▶ [Exercise directions] Repeat exactly the lines of the records below, starting at the line containing "カジュアルな中綿コートにモー" and ending at the line containing "На этаже есть". Leave the pictures out.

▶ [Given entries]
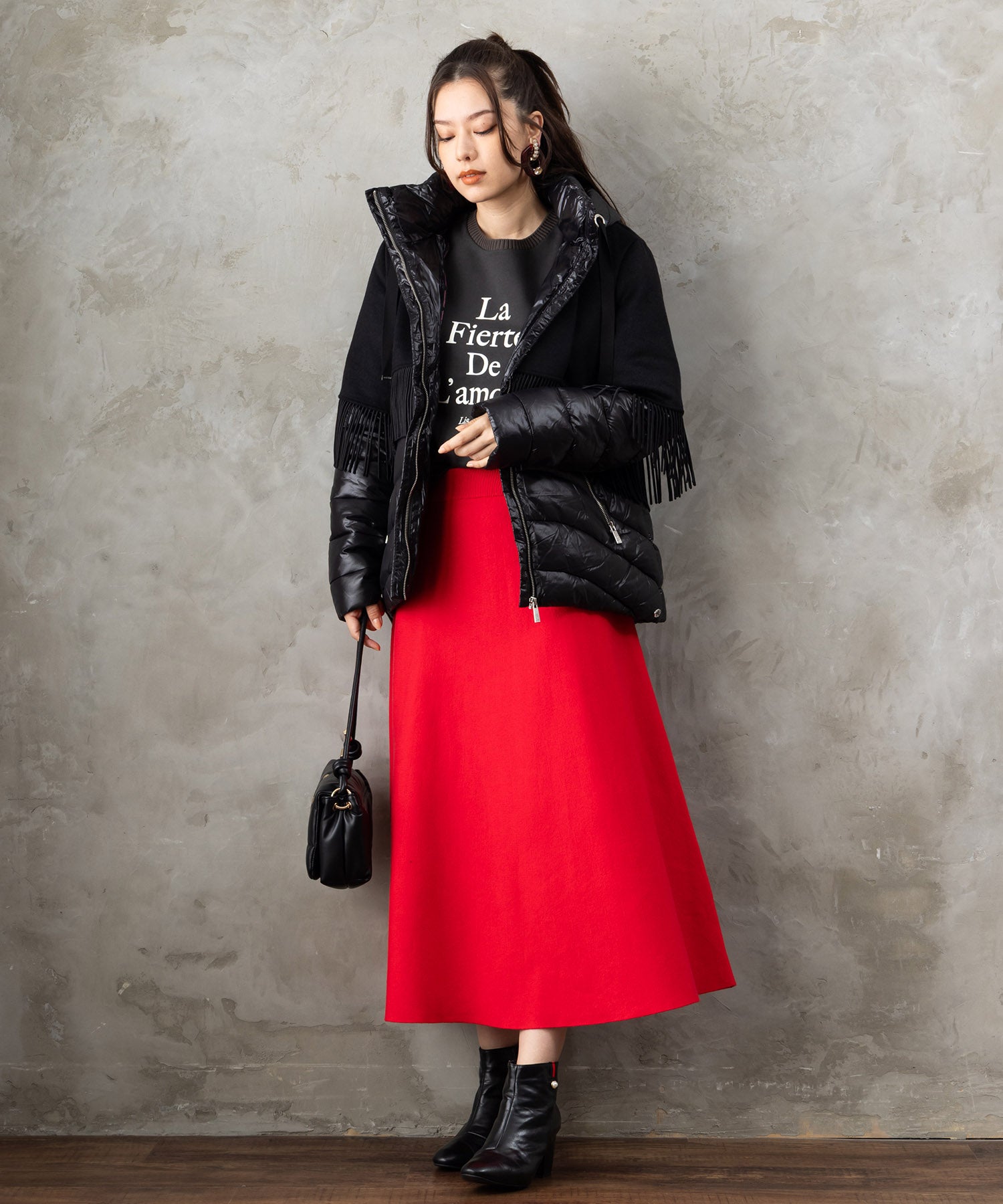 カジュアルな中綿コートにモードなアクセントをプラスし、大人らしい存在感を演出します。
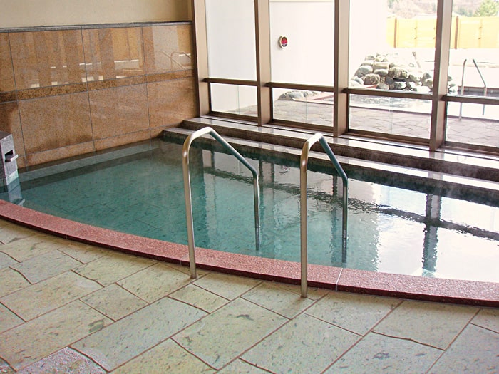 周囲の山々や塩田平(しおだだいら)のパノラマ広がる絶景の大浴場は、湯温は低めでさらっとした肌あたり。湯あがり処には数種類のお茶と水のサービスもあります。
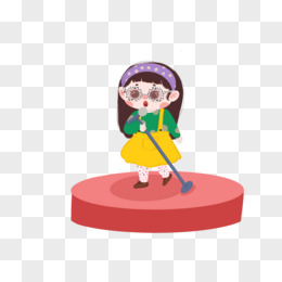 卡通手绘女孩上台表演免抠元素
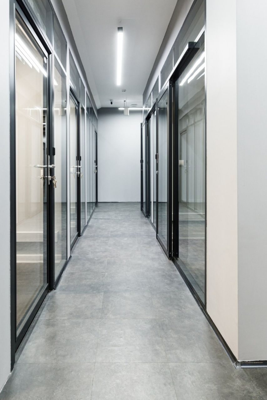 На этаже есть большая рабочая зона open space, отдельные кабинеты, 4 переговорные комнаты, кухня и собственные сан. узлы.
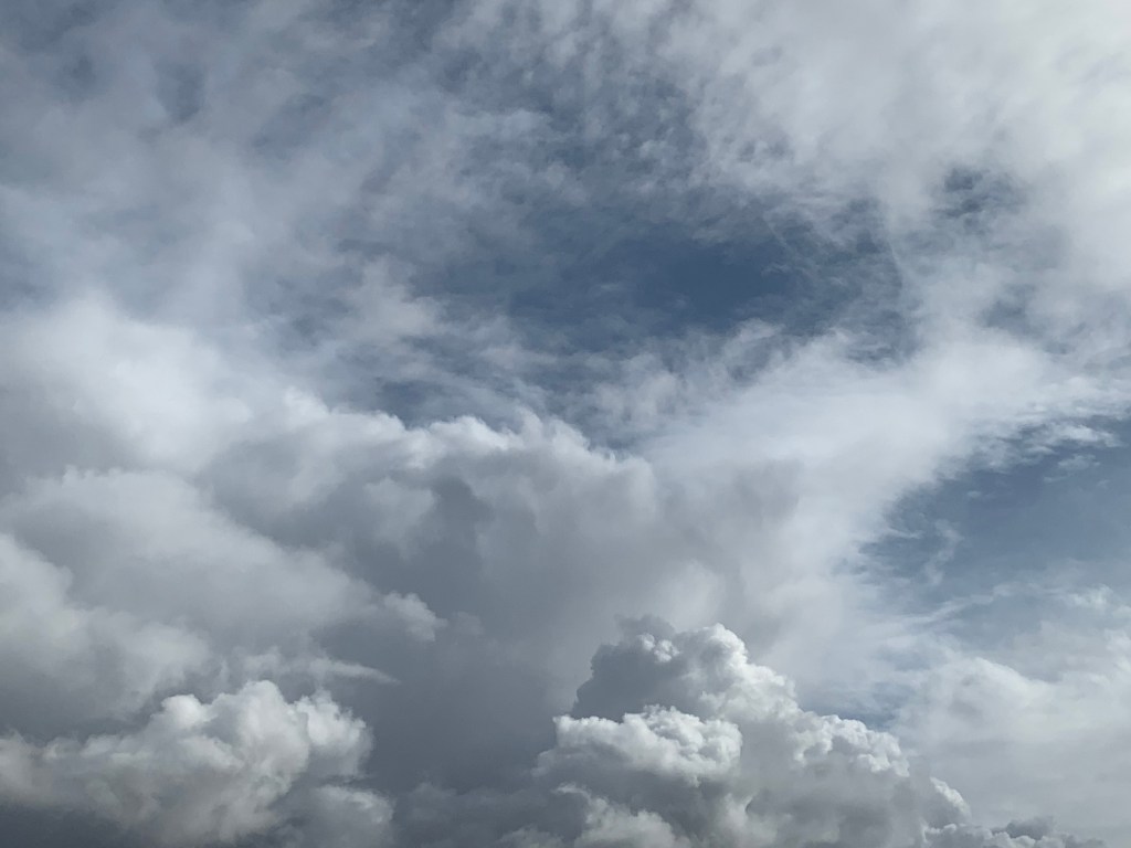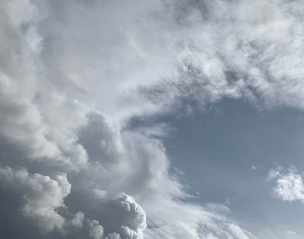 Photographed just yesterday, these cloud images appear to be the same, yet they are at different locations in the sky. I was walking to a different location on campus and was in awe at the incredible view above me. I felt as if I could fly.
--
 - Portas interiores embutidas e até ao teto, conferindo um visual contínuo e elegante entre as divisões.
...
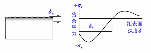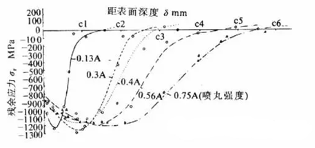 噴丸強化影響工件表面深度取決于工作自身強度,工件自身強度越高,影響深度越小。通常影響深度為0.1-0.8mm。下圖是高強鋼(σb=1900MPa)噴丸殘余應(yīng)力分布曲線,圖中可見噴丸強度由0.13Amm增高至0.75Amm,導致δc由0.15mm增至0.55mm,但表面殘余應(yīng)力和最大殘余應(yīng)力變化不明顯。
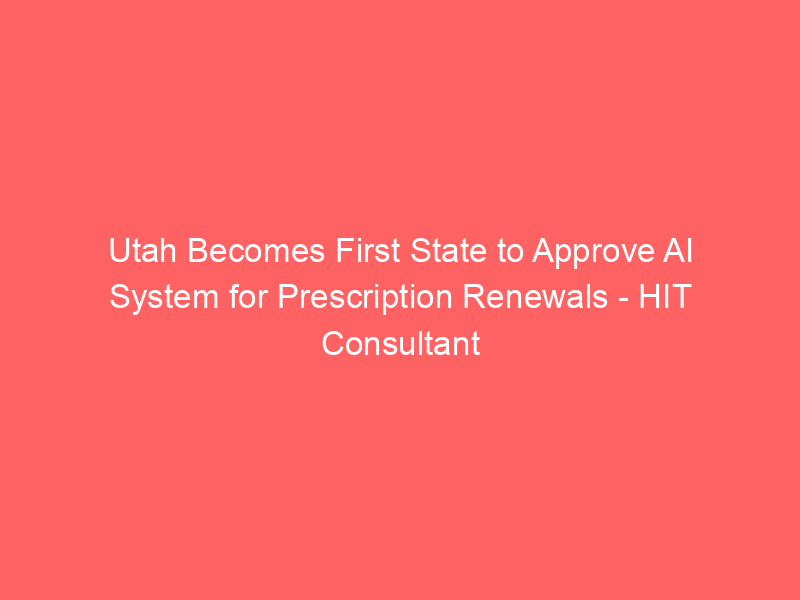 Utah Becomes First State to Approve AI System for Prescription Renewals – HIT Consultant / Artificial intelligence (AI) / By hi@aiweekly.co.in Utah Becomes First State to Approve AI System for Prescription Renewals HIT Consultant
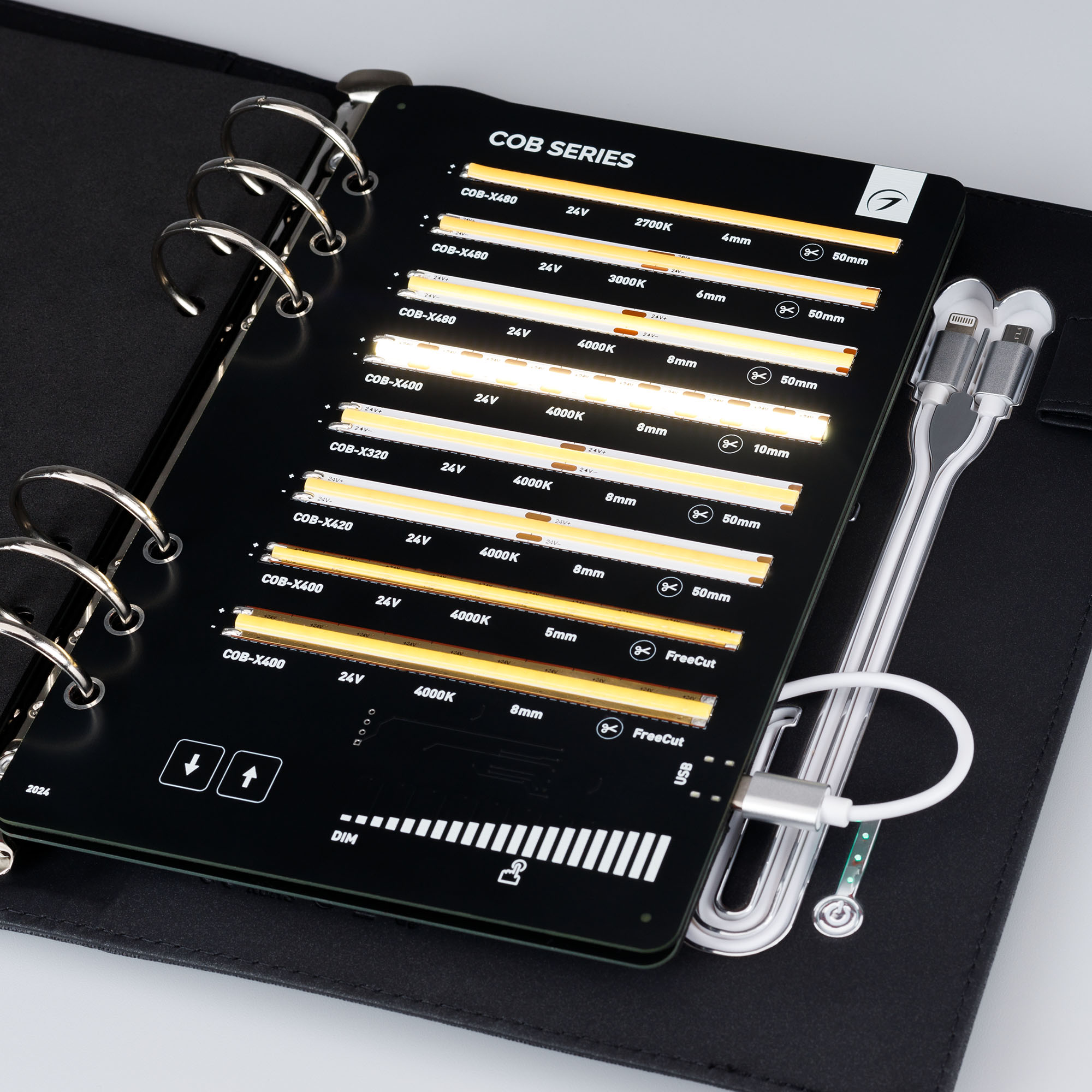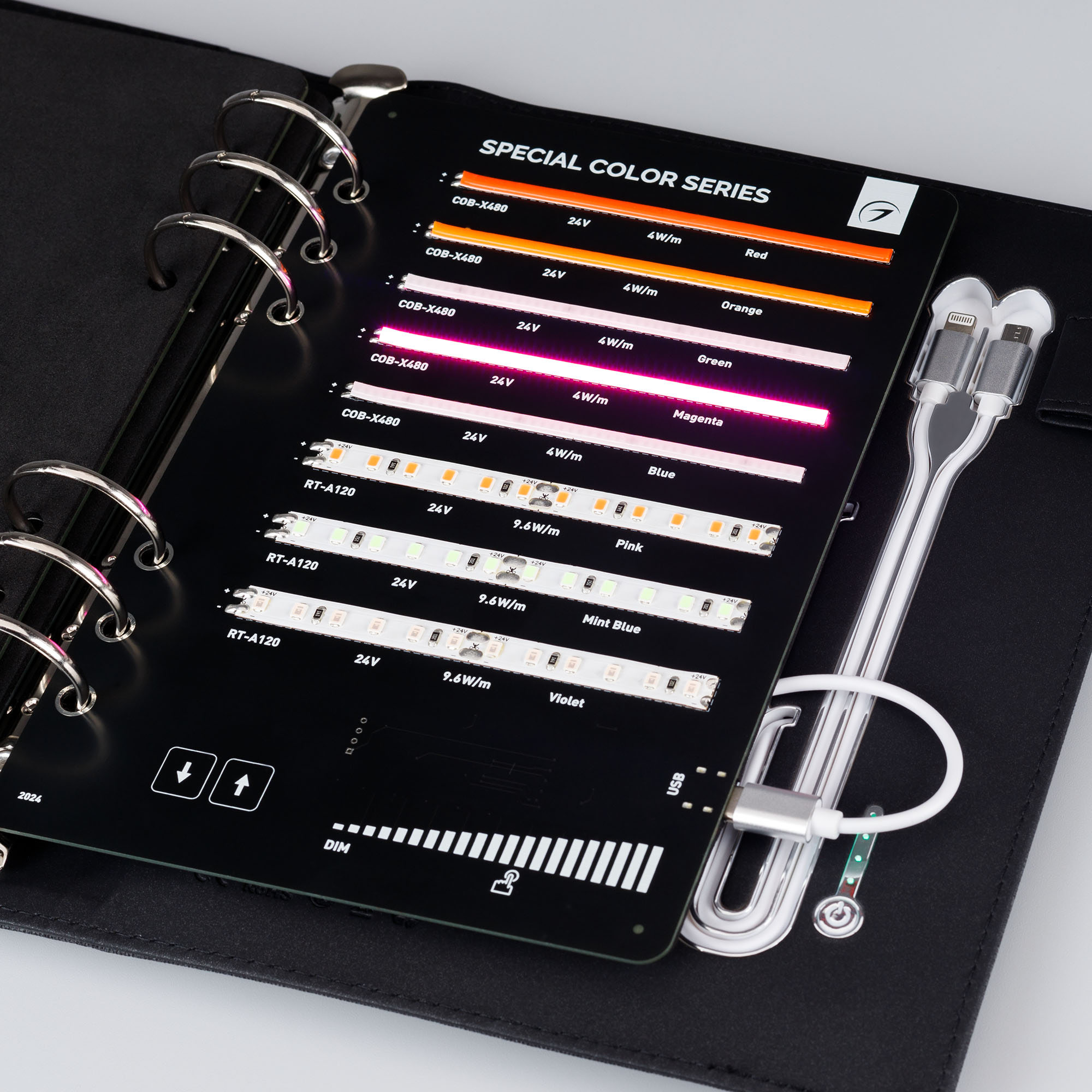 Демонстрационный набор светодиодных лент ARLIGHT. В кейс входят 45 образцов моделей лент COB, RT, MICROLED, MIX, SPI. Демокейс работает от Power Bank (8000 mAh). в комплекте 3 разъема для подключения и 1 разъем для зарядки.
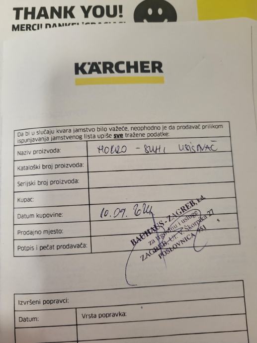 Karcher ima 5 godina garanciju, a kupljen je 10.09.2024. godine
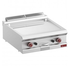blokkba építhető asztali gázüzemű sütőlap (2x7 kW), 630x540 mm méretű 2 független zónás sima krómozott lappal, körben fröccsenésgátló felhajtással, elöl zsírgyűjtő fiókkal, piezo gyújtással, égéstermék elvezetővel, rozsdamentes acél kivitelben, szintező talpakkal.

▶ [Reply]
 カジュアルな中綿コートにモードなアクセントをプラスし、大人らしい存在感を演出します。
 周囲の山々や塩田平(しおだだいら)のパノラマ広がる絶景の大浴場は、湯温は低めでさらっとした肌あたり。湯あがり処には数種類のお茶と水のサービスもあります。
 卡通手绘女孩上台表演免抠元素
 На этаже есть большая рабочая зона open space, отдельные кабинеты, 4 переговорные комнаты, кухня и собственные сан. узлы.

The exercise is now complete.